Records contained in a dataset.
--------
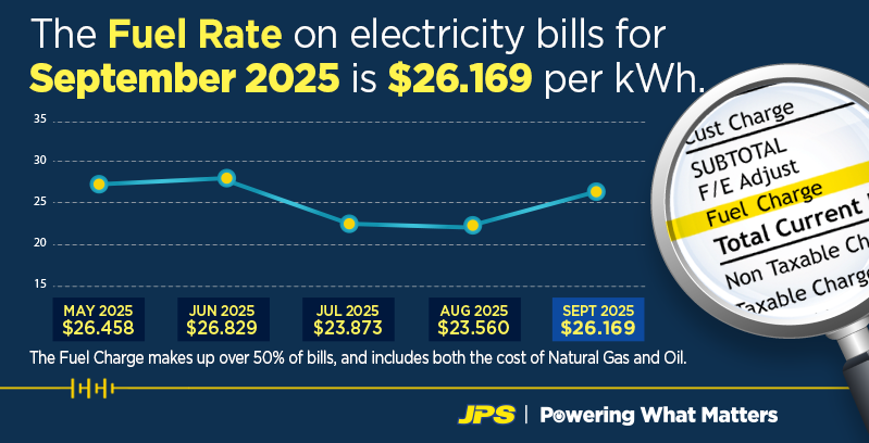 This covers the cost of the fuel required to produce and deliver each kWh of electricity. What you pay for fuel is based on the cost of oil and gas used to generate the electricity you use. This cost will change from one month to the next, depending on the cost of the fuel JPS purchases from suppliers. JPS buys oil from PetroJam, and natural gas from New Fortress Energy.
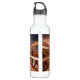 Water bottle with a scenic looking wooden bridge leading into a pathway surrounded by forest trees changing colour.
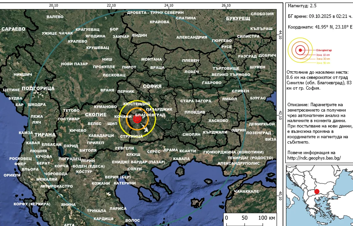 Трусът с магнитуд от 2,5 по Рихтер е отчетен на 8,6 километра североизточно от град Симитли.
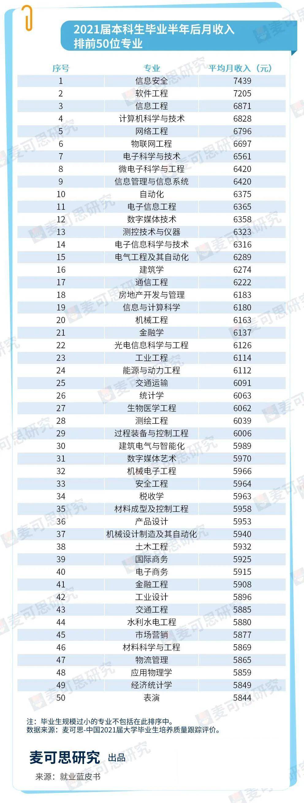 起薪较高的50个专业均超过了本科平均水平(5833元),排在末位的表演则以5844元低空过线。
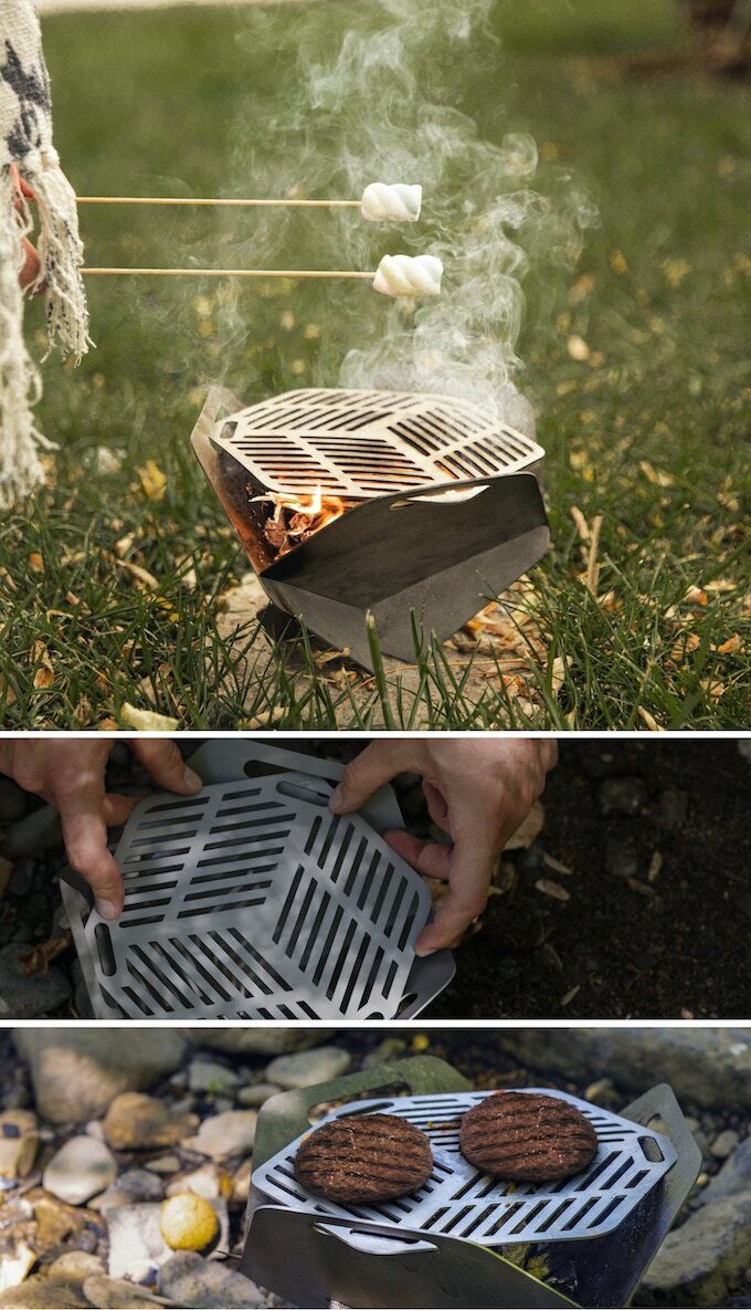 PACOFIREは、わずか4つのパーツで構成され、組み立ては数秒で完了。あっという間に、自然の中で美味しいグリル料理を楽しむ準備が整います。
--------
Brief.
Output, exactly and only, the lines beginning with the one that contains "Water bottle with" and ending at the last line of the records above. Drop the pictures.

Written answer.
 Water bottle with a scenic looking wooden bridge leading into a pathway surrounded by forest trees changing colour.
 Трусът с магнитуд от 2,5 по Рихтер е отчетен на 8,6 километра североизточно от град Симитли.
 起薪较高的50个专业均超过了本科平均水平(5833元),排在末位的表演则以5844元低空过线。
 PACOFIREは、わずか4つのパーツで構成され、組み立ては数秒で完了。あっという間に、自然の中で美味しいグリル料理を楽しむ準備が整います。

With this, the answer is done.